I've always been extremely clear that I believe the core needs to stand
on its own, including being testable. I appreciate some people disagree
with that however I believe that without this, the quality in the core
would drop substantially. Even maintaining the testability of what we
have now is actually an incredible challenge. Anyone who thinks
otherwise should spend a week triaging the autobuilder failures.

Adding mode dimensions to a problem we already struggle with seems like
a bad idea to me.

> > It is a big help in trying to achieve this if we don't have many
> > different layers involved as that would complicate the problem, even
> > coordinating layer releases between different maintainers is tricky
> > right now and trying to develop something like this over layer
> > boundaries sounds like adding to the complexity to the point I'd rather
> > just scrap the idea :(.
> 
> Well if layers make life harder it invalidates one of points of Yocto
> which I always liked and depends on heavily - modular design.

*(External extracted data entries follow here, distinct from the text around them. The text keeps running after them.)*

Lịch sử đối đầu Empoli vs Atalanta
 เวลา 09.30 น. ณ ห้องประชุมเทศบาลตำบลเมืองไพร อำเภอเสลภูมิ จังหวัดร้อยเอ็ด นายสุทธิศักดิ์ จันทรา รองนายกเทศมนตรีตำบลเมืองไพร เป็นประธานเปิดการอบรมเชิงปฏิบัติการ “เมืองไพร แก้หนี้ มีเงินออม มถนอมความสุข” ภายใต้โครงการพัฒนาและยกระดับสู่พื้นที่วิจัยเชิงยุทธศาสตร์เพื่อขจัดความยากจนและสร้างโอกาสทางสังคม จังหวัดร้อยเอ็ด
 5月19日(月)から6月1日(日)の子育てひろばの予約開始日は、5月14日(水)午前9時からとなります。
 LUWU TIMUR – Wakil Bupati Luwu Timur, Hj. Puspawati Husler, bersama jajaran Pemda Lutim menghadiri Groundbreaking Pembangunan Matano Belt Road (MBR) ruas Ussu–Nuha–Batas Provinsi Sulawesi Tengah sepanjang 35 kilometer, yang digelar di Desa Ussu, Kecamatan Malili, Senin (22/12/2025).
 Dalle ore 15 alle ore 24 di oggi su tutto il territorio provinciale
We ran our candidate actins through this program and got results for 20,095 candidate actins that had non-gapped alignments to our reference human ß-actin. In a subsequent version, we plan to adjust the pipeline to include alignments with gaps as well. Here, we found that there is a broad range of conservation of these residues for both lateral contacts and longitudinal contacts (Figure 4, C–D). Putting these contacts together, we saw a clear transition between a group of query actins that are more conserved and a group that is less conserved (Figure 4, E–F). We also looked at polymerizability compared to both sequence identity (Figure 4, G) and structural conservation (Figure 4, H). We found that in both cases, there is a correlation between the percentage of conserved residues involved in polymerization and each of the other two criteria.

The layer model has its risks as well as its advantages. The risk is
that we end up too fragmented, with too many maintainers who don't
communicate and nothing ever works together.

Even as the model stands today, its showing signs of strain. I posted
patches near enough three weeks ago for meta-raspberrypi, no response. I
know there are reasons why but they're not visible. The meta-fsl layers
appear to spend more of their time not building than building and
getting people to fix those in a timely fashion can sometimes be
challenging, particularly with the split between arm and ppc and some of
the transitions going on there etc.

Right now, I think there are enough splits causing enough
interoperability issues to be going on with in the layers and no, to be
quite honest I don't think more layers is the right answer right now.

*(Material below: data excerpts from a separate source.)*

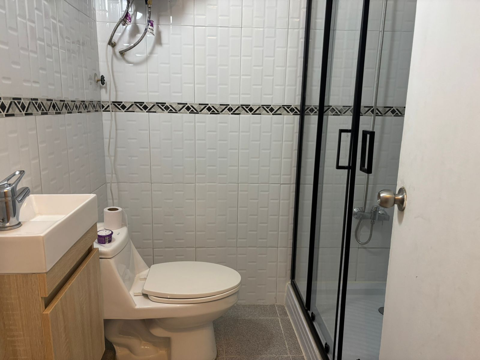 1 baño completo con ducha y shower door, termo eléctrico, además de conexión a lavadora.
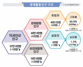 취업자 산업별로는 전기·운수·통신·금융업에서 6000명, 도소매·숙박·음식점업도 6000명이나 증가했다. 반면 건설업은 전년보다 7000명이나 줄어 침체를 벗어나지 못했다. 지위별로는 임시근로자 1만명, 상용근로자 2000명이 증가했고 일용근로자는 5000명, 자영업자 3000명, 무급가족종사자도 2000명 줄어 고용형태에서도 긍정적인 모습을 보였다.
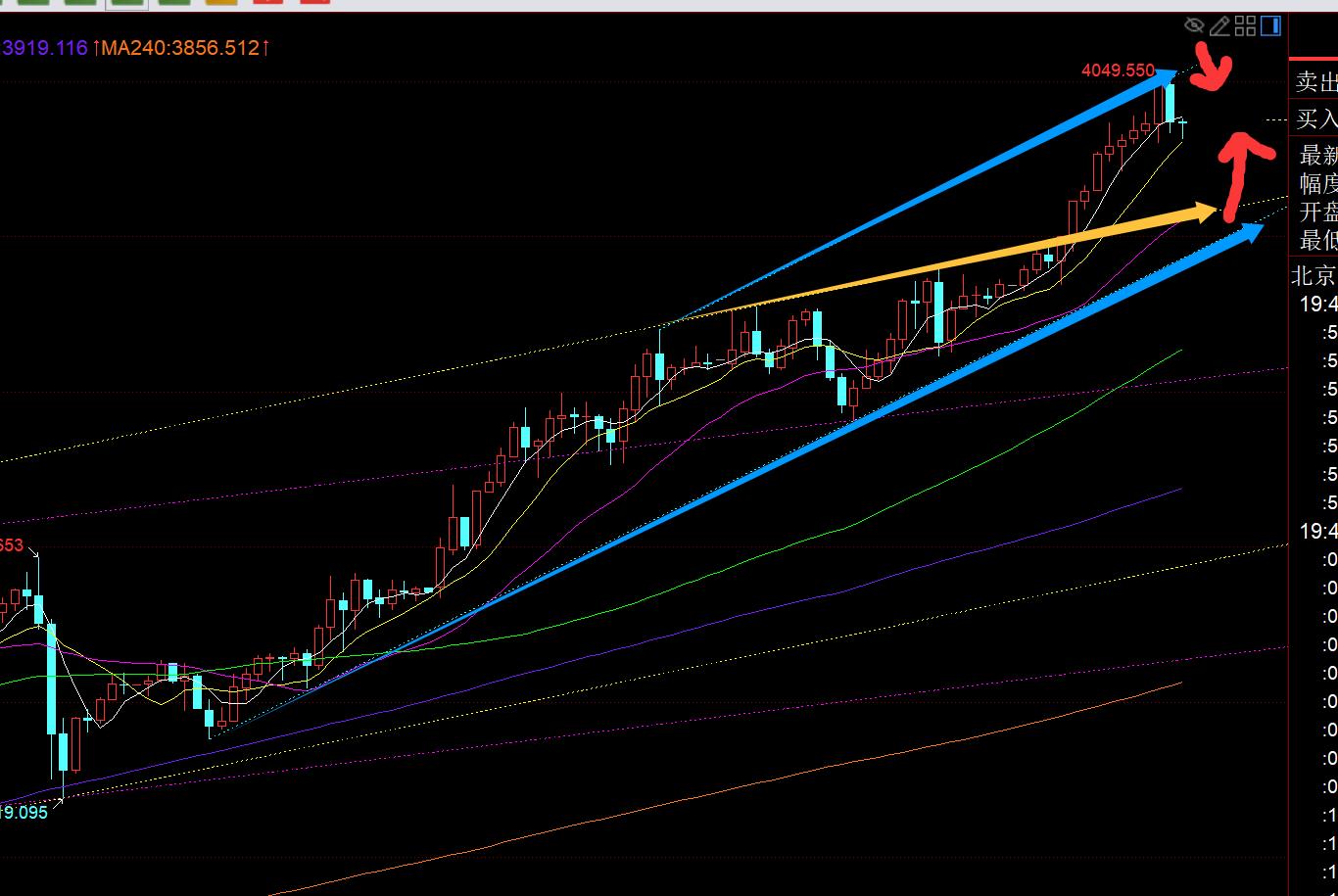 Premièrement, l'or : il a clôturé en force pendant la nuit, et a ouvert hier matin et a continué à augmenter dans un cycle. Il a grimpé plus haut et est retombé à 10 heures, a clôturé à nouveau positif à 11 heures et s'est de nouveau maintenu sur la ligne horaire 10. En moyenne mobile, j'ai essayé de suivre la tendance haussière et j'ai réussi à gagner 10 mètres ; le marché européen a continué d'être négatif et est tombé en dessous du point de hausse initial de 3955, il a donc baissé pour se stabiliser autour de 3925 et a continué à être haussier. En conséquence, il n'est revenu qu'à 3 940, et le marché américain s'est directement redressé avec un V ; Puisque chaque marque entière de 3 700, 3 800 et 3 900 a été touchée au cours de la période précédente, il y a eu une correction d’environ 70 mètres. Cette fois, il était proche de 4 000 et une protection par couverture des bénéfices a également été mise en place. Les positions inférieures précédentes de 27, 35, 2753, 3000, 3247, 3281, 3528, 3730 et plus sont haussières pour protéger les bénéfices à moyen et long terme afin d'éviter des prises excessives, et vous pouvez également saisir la différence de prix de la bande. Il y a bien eu une vague la nuit, mais elle n'a fait que revenir à 3960, et n'a pas atteint l'objectif attendu de 3930 ;
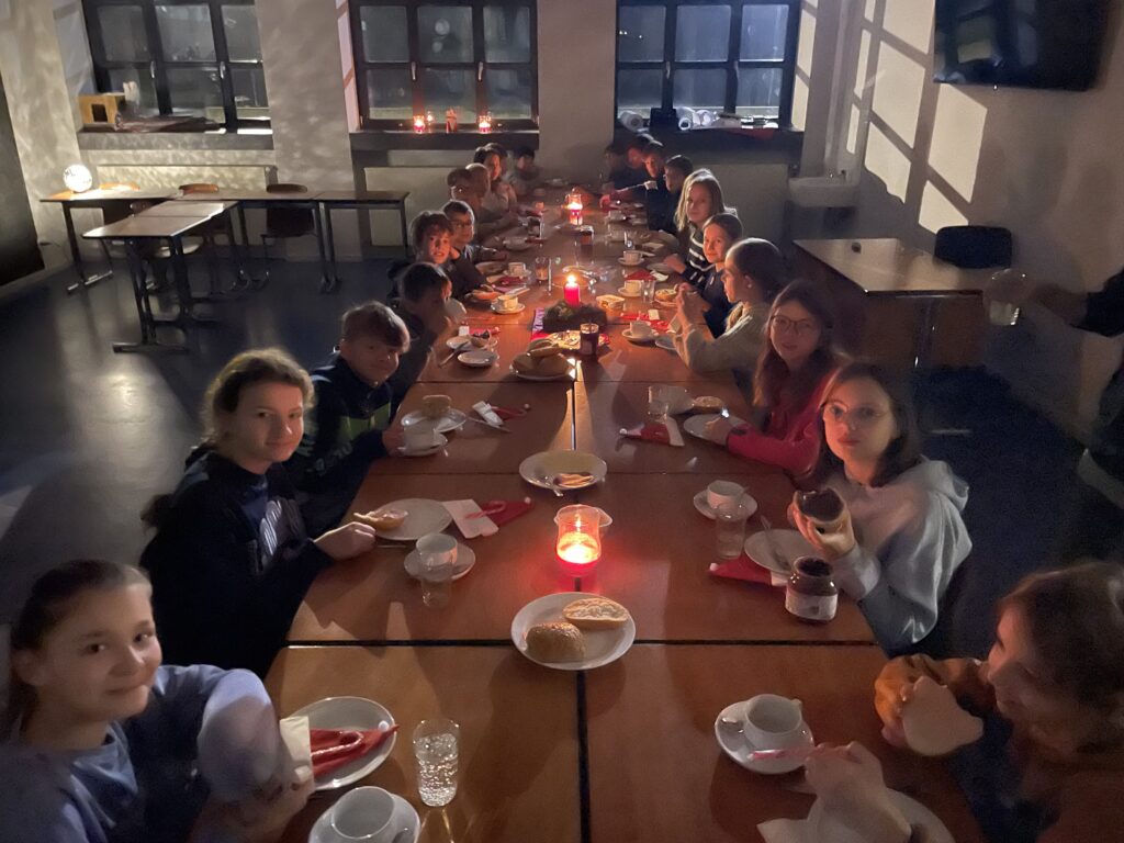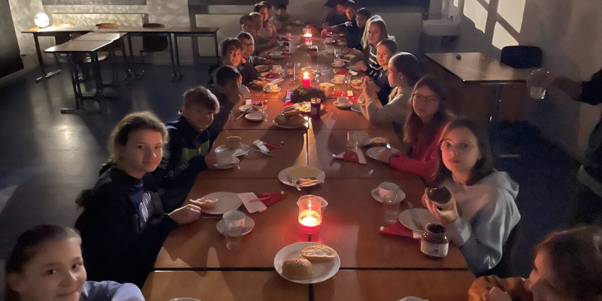 Einmal in die Schule kommen, wenn es noch stockdunkel ist und kaum ein anderer da ist – diese Erfahrung machen gerade jeden Freitagmorgen um 7:00 Uhr über 40 Schülerinnen und Schüler, die das Angebot der Fachschaft Religion wahrnehmen, sich an den vier Freitagen des Advent in einer mit Kerzen und Lichterketten gemütlich gestalteten Frühschicht mit gemeinsamem Singen und dem Hören von Geschichten auf Weihnachten einstimmen zu lassen. Besonders reizvoll ist für die Teilnehmenden sicher auch nach der Frühschicht das gemeinsame Frühstück bei Kerzenschein, welches die Leiterin unserer Mensa, Frau Welp-Schlautmann, mit engagierten Eltern mit viel Herz und Hand vorbereitet!

I do continue to believe in the layer model but it is still evolving and
I'd really like us to focus on the current issues.

> I am sure we all want a solid release so I am also sure Tomas wouldn't
> put experimental version of clutter near of release.

>From what I read of Tomas' emails, I actually think his plans differ
from that as he finds that aspect of OE-Core frustrating.

>  We are eating our
> own dog food so we are all interested in make it work, not the
> opposed. In this case I think it can be well coordinated.
>
> One possible thing is you could require AB used layers to be at
> git.yoctoproject.org so in case of broken recipes (bbappend or so) you
> could  rename it.

I don't touch layers I don't maintain. If I did that, I would get hung,
drawn and quartered. Please at least think through things like this
before saying them :(. Can you imagine what you'd say to me if I pushed
commits to meta-fsl-arm? 

This isn't even hypothetical, I have already been "told off" for pushing
to repos I am not the official maintainer for in much less controversial
circumstances than this. The offence was not writing a detailed enough
commit message to conform to that repository's guidelines. FWIW, I
believe the maintainer was right to object.